DATA EXCERPT Block Start

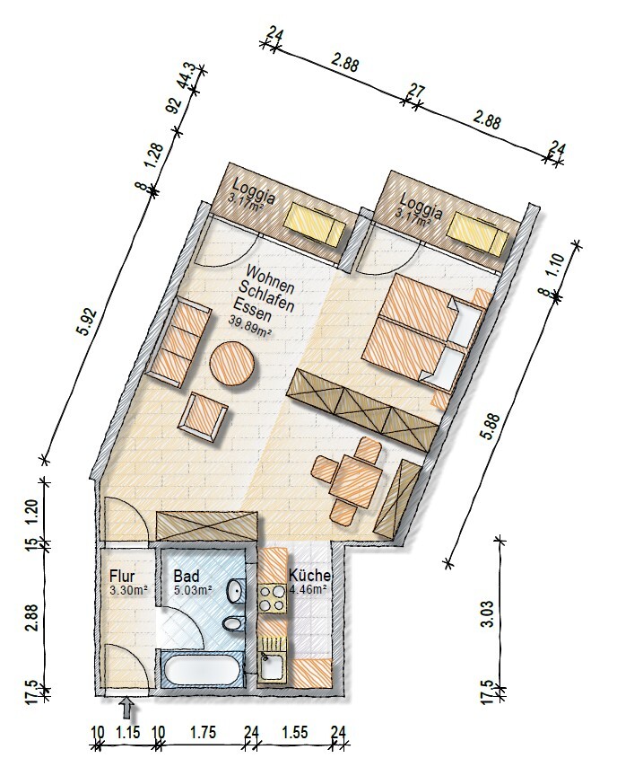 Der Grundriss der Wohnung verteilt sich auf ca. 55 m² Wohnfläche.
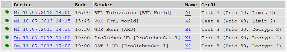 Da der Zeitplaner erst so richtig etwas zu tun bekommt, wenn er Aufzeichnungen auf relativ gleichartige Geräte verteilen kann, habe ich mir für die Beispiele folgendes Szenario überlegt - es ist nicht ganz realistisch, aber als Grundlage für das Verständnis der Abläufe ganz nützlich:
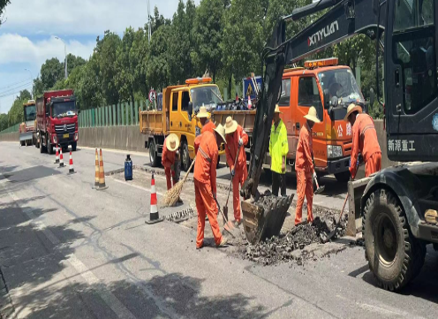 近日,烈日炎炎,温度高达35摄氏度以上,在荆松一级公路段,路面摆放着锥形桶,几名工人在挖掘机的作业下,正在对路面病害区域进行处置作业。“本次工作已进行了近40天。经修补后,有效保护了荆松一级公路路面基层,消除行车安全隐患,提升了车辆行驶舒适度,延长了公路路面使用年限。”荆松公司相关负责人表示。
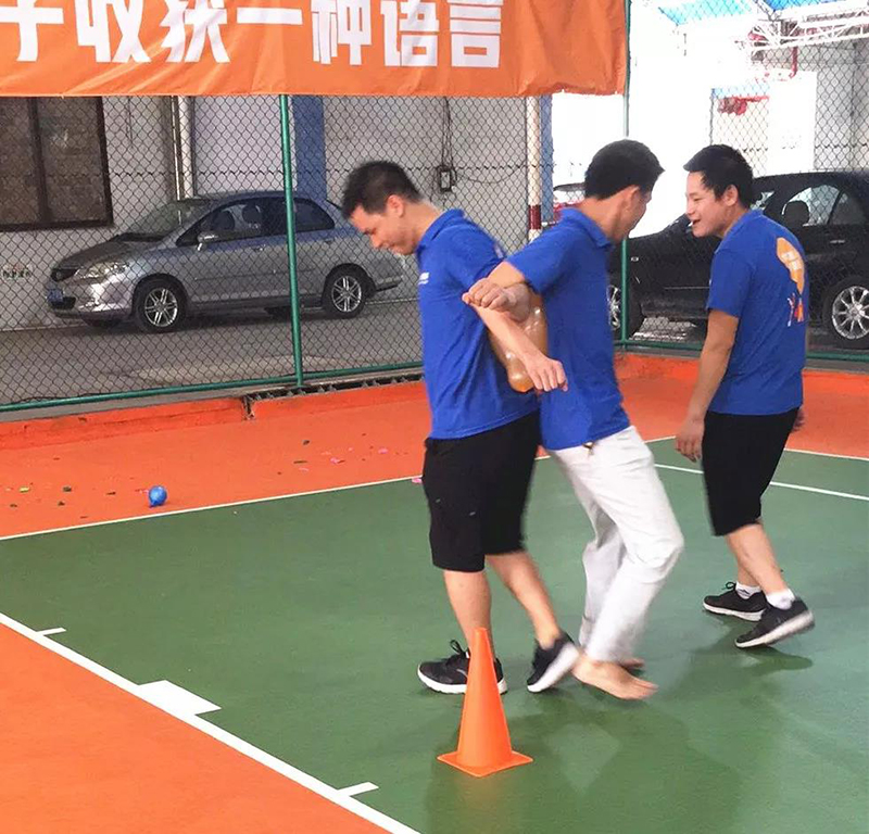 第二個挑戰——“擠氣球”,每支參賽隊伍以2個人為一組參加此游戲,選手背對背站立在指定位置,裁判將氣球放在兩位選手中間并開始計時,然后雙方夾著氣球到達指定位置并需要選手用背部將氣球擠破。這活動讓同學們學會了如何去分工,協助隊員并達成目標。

DATA EXCERPT Block End

> _THE PROBLEM_:
Make an exact copy of the listing, with no images in it.

> _WRITTEN REPLY_:
 Der Grundriss der Wohnung verteilt sich auf ca. 55 m² Wohnfläche.
 Da der Zeitplaner erst so richtig etwas zu tun bekommt, wenn er Aufzeichnungen auf relativ gleichartige Geräte verteilen kann, habe ich mir für die Beispiele folgendes Szenario überlegt - es ist nicht ganz realistisch, aber als Grundlage für das Verständnis der Abläufe ganz nützlich:
 近日,烈日炎炎,温度高达35摄氏度以上,在荆松一级公路段,路面摆放着锥形桶,几名工人在挖掘机的作业下,正在对路面病害区域进行处置作业。“本次工作已进行了近40天。经修补后,有效保护了荆松一级公路路面基层,消除行车安全隐患,提升了车辆行驶舒适度,延长了公路路面使用年限。”荆松公司相关负责人表示。
 第二個挑戰——“擠氣球”,每支參賽隊伍以2個人為一組參加此游戲,選手背對背站立在指定位置,裁判將氣球放在兩位選手中間并開始計時,然后雙方夾著氣球到達指定位置并需要選手用背部將氣球擠破。這活動讓同學們學會了如何去分工,協助隊員并達成目標。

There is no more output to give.